Broadly speaking, this problem is known to be NP-Complete. Therefore, there is no polytnomial time algorithm for solving it unless $P$ is equal to $NP$. Basically, this means that there is **no known polynomial time algorithm** for solving it and that there is little chance of finding one. Theresefore, we usualy only consider **heuristics**, **meta-heuristics** or **approximation algorithms** for solving this optimization problem. Such methods, when used with care, can lead to find a *good* solution, but not necessearily an optimal solution.

In [None]:
import numpy as np
import scipy as sp
import pandas as pd

import sklearn.datasets as sk_data
import sklearn.metrics as metrics
from sklearn.cluster import KMeans

import scipy.stats as stats

import matplotlib.pyplot as plt

%matplotlib notebook

In [None]:
n = 1000

cov = [[2, 0],
       [0, 2]]
mean = (1, 1)
D1 = np.random.multivariate_normal(mean, cov, n)

cov = [[10, 0],
       [0, 10]]
mean = (20, 10)
D2 = np.random.multivariate_normal(mean, cov, n)

cov = [[70, 30],
       [30, 20]]
mean = (0, 20)
D3 = np.random.multivariate_normal(mean, cov, n)

fig, ax = plt.subplots()
ax.plot(D1[:,0], D1[:,1], 'ob', D2[:,0], D2[:,1], 'or', D3[:,0], D3[:,1], 'og')

### Exhaustive Algorithm

In [None]:
def S(n, k):
    """ Stirling numbers of the second kind """
    assert n >= 0 and k >= 0
    
    if k > n:
        return 0
    
    if n == 0 and k == 0:
        return 1
    
    if k == 0:
        return 0
    
    return k * S(n - 1, k) + S(n - 1, k - 1)

vS = np.vectorize(S)

k_values = range(0, 5)
n = 15
numbers = vS(n, k_values)

print(numbers)

fig, ax = plt.subplots()
ax.plot(numbers, color='red')
ax.set_ylabel(f'S({n}, k)')
ax.set_xlabel('k')
ax.set_xticks(range(0, 5))

## Representative Clustering

The purpose is to determine a set of $k$ representatives $\*y_1, \ldots, \*y_k$ that minimize the following **objective function** :

$$
\sum_{i = 1}^n \min\{d(\*x_i, \*y_j) : j = 1, \ldots, k\}
$$


### Data Clustering with k-means

* Select $k$ points as initial cluster centers $C_1, \ldots, C_k$.
* Repeat until convergence :
    * For $1 \leq i \leq n$, map point $p_i$ to its nearest cluster center $C_j$
    * Compute centroid $C_j'$ of the points nearest $C_j$ , for $1 \leq j \leq k$
    * For all $1 \leq j \leq k$, set $C_j = C_j'$

![The iterations of k-means (for k = 3)](figures/kmeans_iterations.png)

### Generating our data

In [None]:
X, y = sk_data.make_blobs(n_samples=100, centers=4, n_features=2, center_box=(-10.0, 10.0), random_state=0, cluster_std=0.6)

In [None]:
fig, ax = plt.subplots()
ax.scatter(X[:,0], X[:,1], c=y)

### Computing the pairwise distances for visualization purposes


We can compute pairwise distances using the **sklearn.metrics** functions summarized here:
http://scikit-learn.org/stable/modules/classes.html#module-sklearn.metrics

In [None]:
euclidean_dists = metrics.euclidean_distances(X)

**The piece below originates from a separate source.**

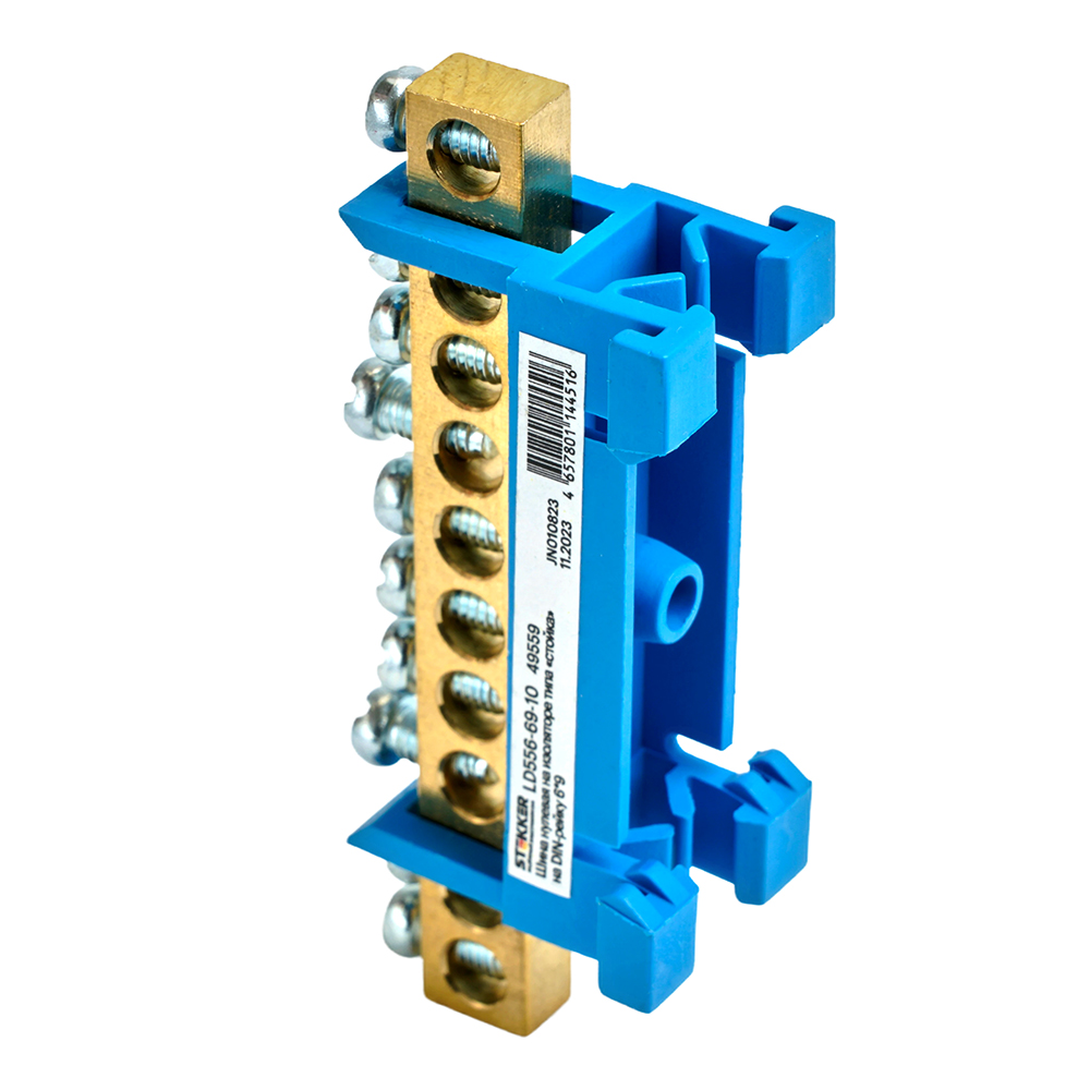 Шина "N" на изоляторе STEKKER 6*9 тип "стойка" на DIN-рейку 10 выводов, синий, LD556-69-10 49559

Visualizing the data using the heatmap of pairwise distances

In [None]:
def plot_distance_matrix(D):
    fig, ax = plt.subplots()
    image = ax.matshow(D)
    fig.colorbar(image)
    ax.set_xticks([])
    ax.set_yticks([])
    fig.suptitle('Distance Matrix')
    
plot_distance_matrix(euclidean_dists)

### Clustering data using  k-means clustering with [sklearn.cluster ](http://scikit-learn.org/stable/modules/clustering.html)

In [None]:
kmeans = KMeans(init='k-means++', n_clusters=4, n_init=1)
kmeans.fit_predict(X)
centroids = kmeans.cluster_centers_
labels = kmeans.labels_
error = kmeans.inertia_

print("The total error of the clustering is: ", error)
print('\nCluster Labels')
print(labels)
print('\nCluster Centroids')
print(centroids)

There are 3 functions in all the clustering classes, **fit()** **predict()** and **fit_predict()** :

* **fit()** is building the model from the training data (e.g. finding the centroids),             
* **predict()** is assigning labels to test data after building the model,           
* **fit_predict()** is doing both in the same data (e.g in kmeans, it finds the centroids and assigns the labels to the dataset)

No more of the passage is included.